Hoy quiero hacer un brindis
por las mujeres. Por esas mujeres afganas, saudís, marroquís, etc., cuya vida
transcurre a la sombra de un varón –padre, hermano, marido o hijo-, y cuyo
estatus sólo está ligeramente por encima del de un camello o una cabra.
También brindo por esas mujeres
españolas que consiguen desempeñar un trabajo remunerado, además de atender el
hogar, educar a los hijos, cuidar a algún familiar anciano o enfermo.
Un tercer brindis por esa
mitad de la población española que nunca se jubila del todo.
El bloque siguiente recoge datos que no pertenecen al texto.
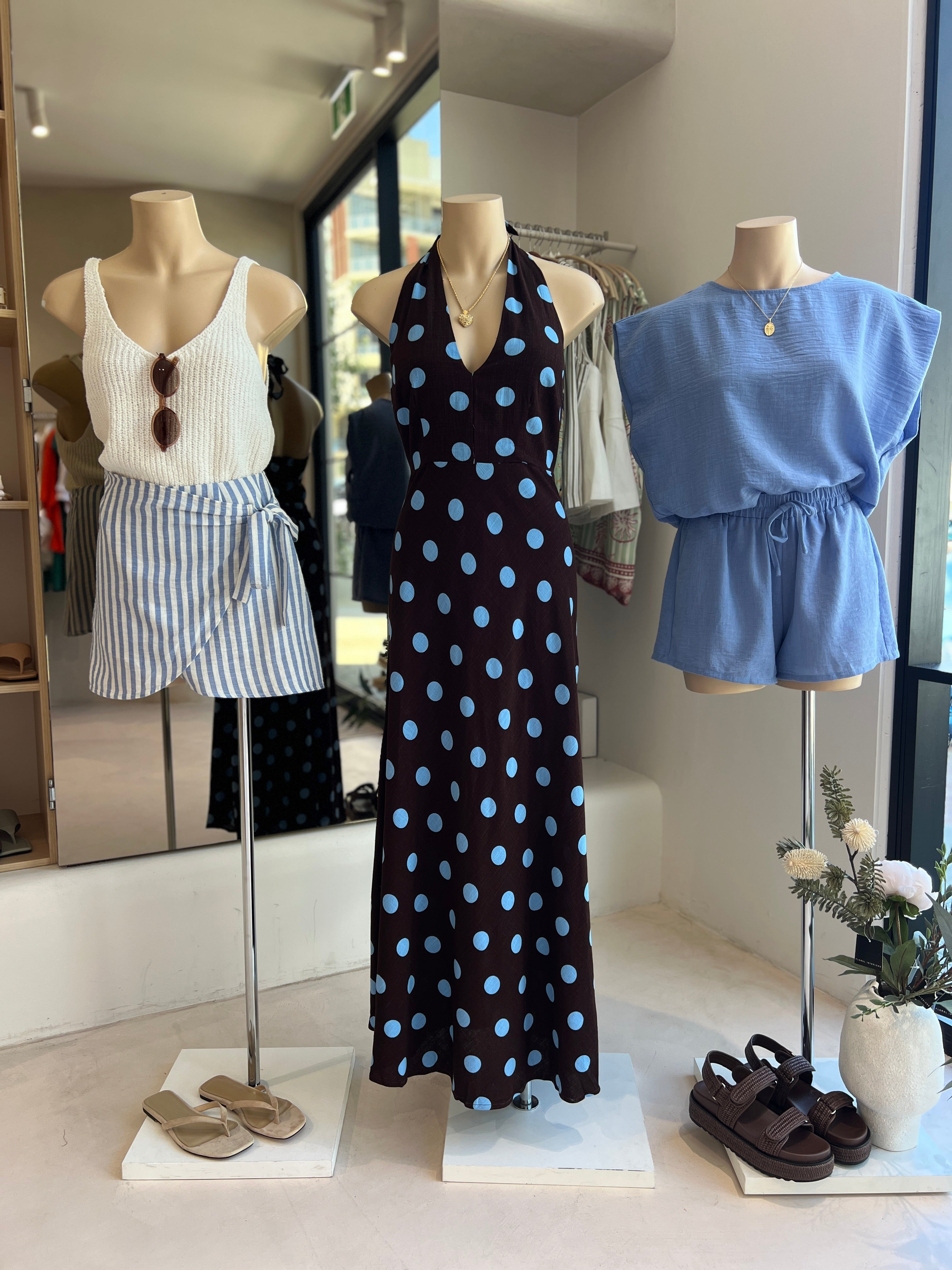 The Tanzi Skirt is a relaxed wrap mini, designed to sit comfortably on the waist with an adjustable side tie. The blue stripe colour way gives it a fun look that’s easy to pair with your everyday tees or linen shirts.

Esas mujeres
mayores que siguen llevando todo el peso de las tareas domésticas hasta el
final de sus días, o hasta que el Alzheimer borra su memoria.
Y aún a riesgo de pasarme de
tragos, brindaré también por todas esas mujeres que no se hacen las víctimas porque
no lo son. Las que asumen con naturalidad las diferencias biológicas que la
naturaleza impone, y las consecuencia que se derivan de ellas. Las que se
sienten incómodas con tantas asociaciones de mujeres, talleres para mujeres,
cursos para mujeres, concursos para mujeres, casas de la mujer e institutos de
la mujer. Las que no necesitan de cuotas por sexo para demostrar su valía y
ascender en su carrera profesional. Las que no ven a los hombres como enemigos
sino como seres humanos con las mismas virtudes y debilidades que ellas. Las
que no permiten que ningún varón se erija en su guía, su protector, su amo. Las que no admiten que ninguna feminista decida el guión de su vida.
Se me acaba la botella y no
puedo brindar por las otras mujeres. Las que se recrean con su resentimiento,
su amargura, su victimismo, su frustración o su odio. Estoy seguro de que ellas no
necesitan mi brindis. Prefieren hacer una huelga. Generala, por supuesto.